__DATASET EXCERPT__.
+++

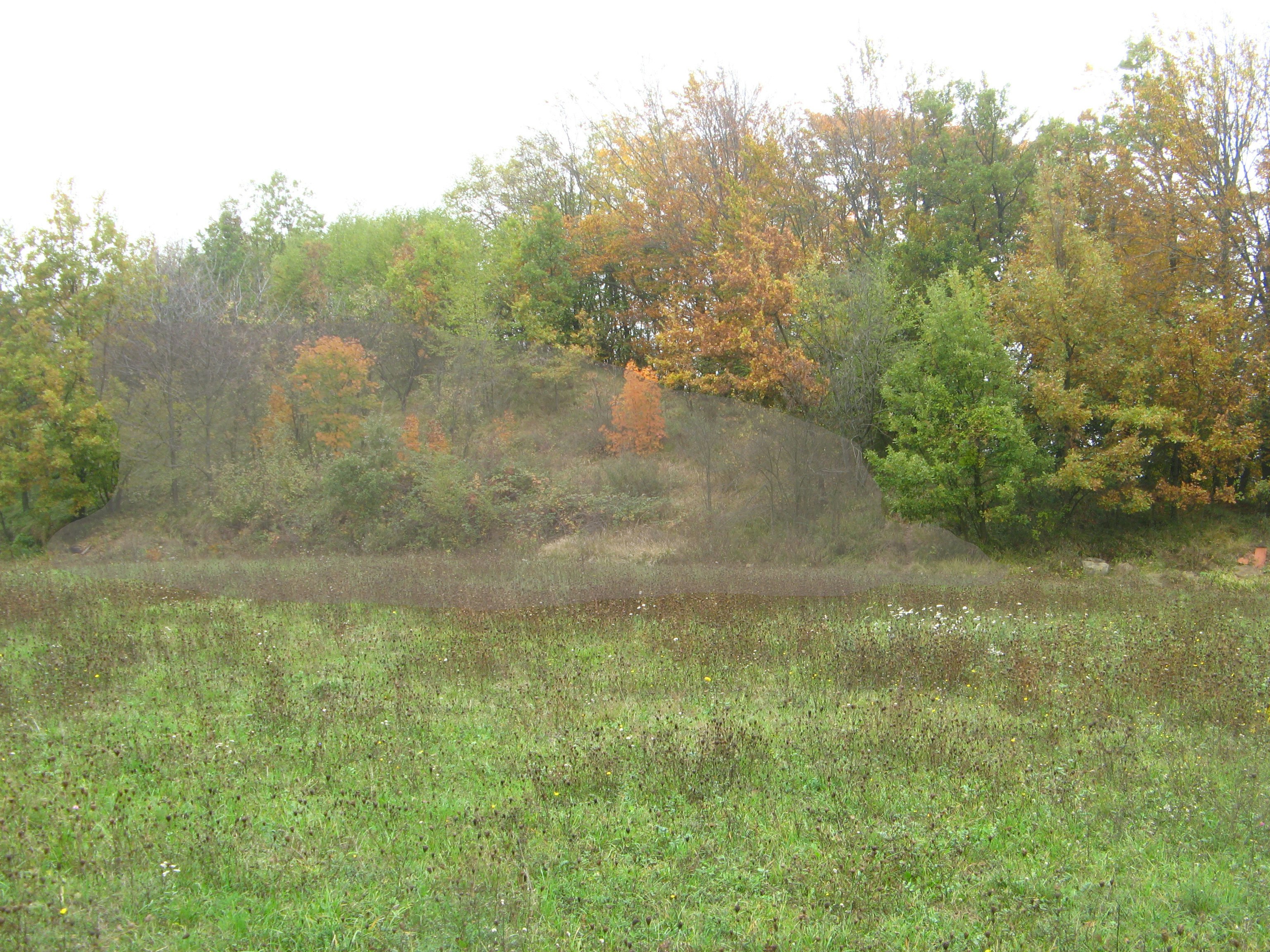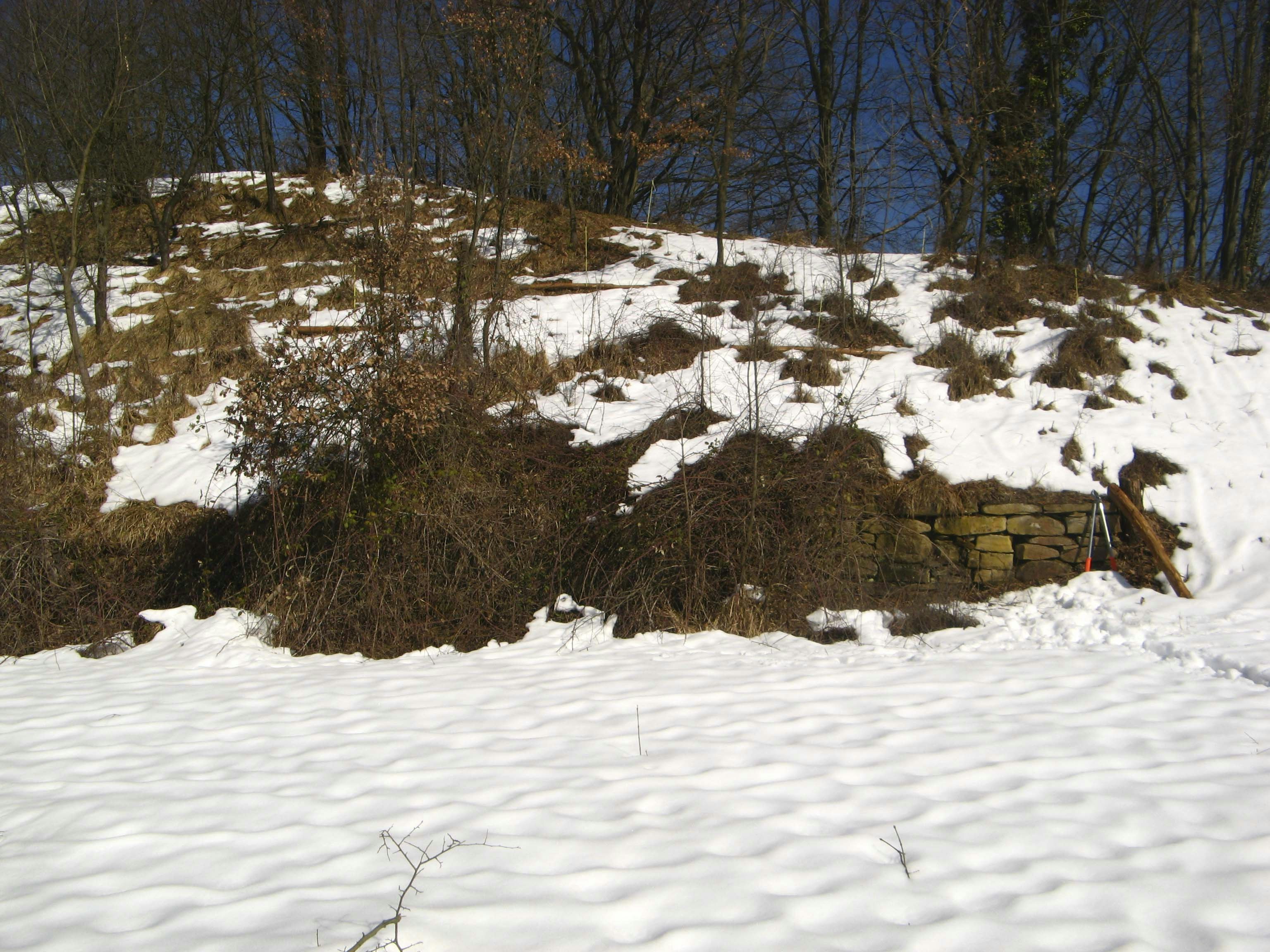 Sul prato erano visibili dei materiali plastici di rivestimento e della ghiaia. La collina è sorretta alla base da un lungo muretto a secco in buono stato di conservazione, quasi completamente ricoperto da vegetazione spontanea, in particolare rovi e prugnoli. Nell’area interessata dall’opera sono presenti diversi alberi di piccole-medie dimensioni: ciliegi in pessimo stato di salute disposti a filari, salici, prugnoli, aceri campestri, querce e ornielli. Oltre ai rovi è notevole la presenza di ginestrelle. Il fondo è interamente ricoperto da una graminacea con foglie molto folte e lunghe. Ci sono alcuni esemplari di ciavardello, viburnum lantana e dafne laureola. Si osservano i segni del passaggio di cinghiali e caprioli.
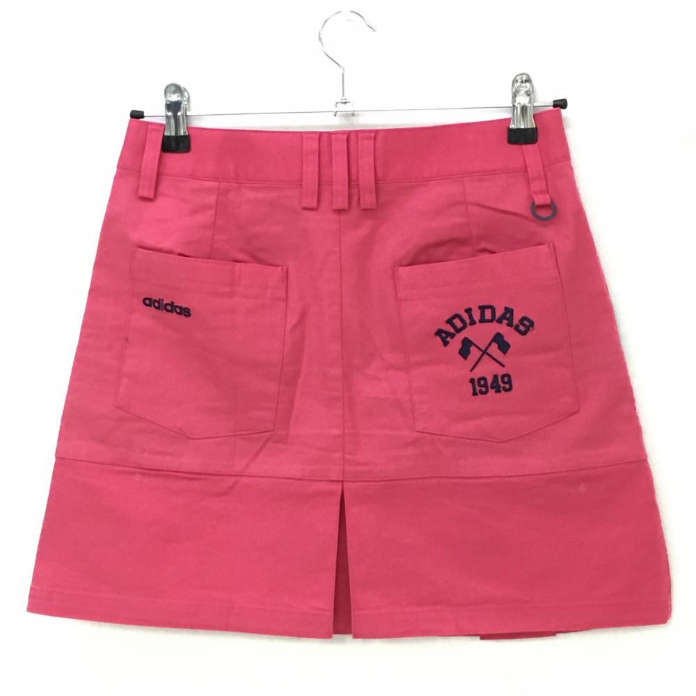 アディダス ストレッチスカート ピンク×ネイビー ロゴ刺しゅう プリーツ レディース S/P ゴルフウェア adidas
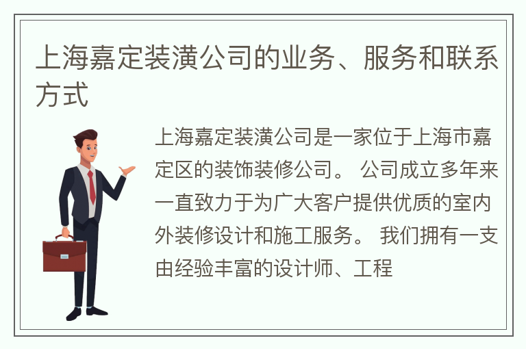 上海嘉定装潢公司的业务、服务和联系方式
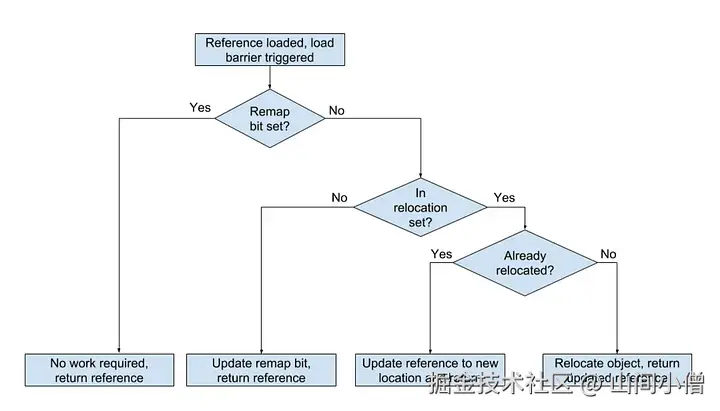 承接上文说的,如果在并发转移(Relocation)的过程中,用户线程访问到了被转移的对象,此时加载屏障(Load Barrier)开始介入,保证引用始终指向有效对象。

+++

From the line that contains "アディダス ストレッチスカート ピンク×ネイビー" to the last line of the data above, inclusive, transcribe every line exactly and only those lines, omitting pictures.

 アディダス ストレッチスカート ピンク×ネイビー ロゴ刺しゅう プリーツ レディース S/P ゴルフウェア adidas
 上海嘉定装潢公司的业务、服务和联系方式
 承接上文说的,如果在并发转移(Relocation)的过程中,用户线程访问到了被转移的对象,此时加载屏障(Load Barrier)开始介入,保证引用始终指向有效对象。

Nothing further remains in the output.